As I discovered while thinking through this Grievance, "Trying too damn hard" isn't necessarily a bad thing.  The main issue I have is with Kaufman's relentless pursuit of "the truth" of Matt's death.  This tends to short-circuit, I'd argue, his claim that this is a town speaking through the shock of a nationally televised tragedy.  THAT'S THE IMPORTANT PART.  You can't really have it both ways; if you construct a play through the disparate, discursive voices of an entire community to speak for itself, making an absolute truth claim doesn't really make much sense.  Sorry to show my humanities roots here, but when it comes to narrative study, I am firmly resolved that, since all knowledge comes through sensory experience, there is no clear, definable truth-- only individual stories of truth.  The story and its context is the truth-- not what can be constructed out of them. 

This grievance is therefore a SPLIT DECISION.It's simply my literary palate that is insisting on a more loose, baggy story rather than the heavily manicured one we got in TLP.  However, I really do think that trying to force the disparate voices in The Laramie Project to specifically shore up "the facts" of the Shepard murders puts unnecessary strain on the dramatic form of The Laramie Project and seems to run amok when you get to 10 Years Later.  Some criticisms of the Epilogue run this direction, too, so I might not be the only person to feel this way. 


So, what are my conclusions from this excursion into my personal grudges against Tectonic Theater?
  1. We cannot, and must not, ignore the fact that this is a story told through Tectonic's perspective, no matter how seductive the real voices of Laramie residents and the concept of "documentary" might be with this play.  
  2. Tectonic has to consider the likelihood that their contribution to the national discourse on sexuality has come at a cost to the local identity of Laramie.  Their presentation of their take on Laramie's story to the world will naturally cause some resistance and push-back from Laramie proper. 
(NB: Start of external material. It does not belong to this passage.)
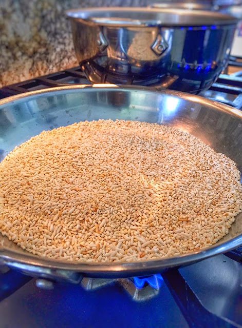 I always toast my rice first when cooking porridge or any kinds of soup to give it a nutty flavor that complements the soup perfectly. This process takes only a few minutes and it will add an extra layer of depth to the dish. Wash the rice for a few times until water is clear. Drain well. Place rice in a skillet over low heat and stir the rice in the skillet constantly for about 10 minutes until you start to smell the nutty heat and the rice start to turn golden brown. Remove the rice from the heat.

  3. Kaufman's model of traveling "out there" to bring a story "back here" is problematic because it has unintended consequences for the town "out there."  It turns Laramie into a pastoral space whose otherness to urban America makes it a foil, rather than merely a compelling story about "all of us."  In this I have to agree with Tigner.  In an ethnographic sense, it also runs the danger of making the researcher's position in the community a hegemonic one, something that Tectonic strove to avoid.  
  4. Geographic/cultural and ideological space don't always overlap nicely, especially when that ideological space doesn't arise just from within the culture.
  5. Kaufman's vision for TLP is a little at cross-purposes with itself because, on the one hand, the play is a multi-vocal attempt to capture the thoughts of an entire community and inspire dialogue, but on the other hand, he seems obsessed with reinforcing "the facts" of the Shepard case with those voices.  The only people who know what really happened to Shepard are McKinney and Henderson-- and, as I have argued before, I think they've lost the ability to tell us.  (This point makes a hell of a lot more sense if you view TLP through the Epilogue from 2009, where Kaufman feels the need to "clarify the facts" through O'Malley's testimony. )  
  6. Lastly, and most importantly (for me at least), none of my upheld grievances have anything to do with Tectonic being horrible people or agenda-driven politicals.  Charges 1 and 3, specifically, deal with the play's after-effects; they don't deal with anything having to do with personal motives or hidden agendas.  They have to do with Tectonic Theater being composed of human beings.  
And so, I hereby bring the Airing of Grievances to an ambivalent closing, just as they had started.  Hooray!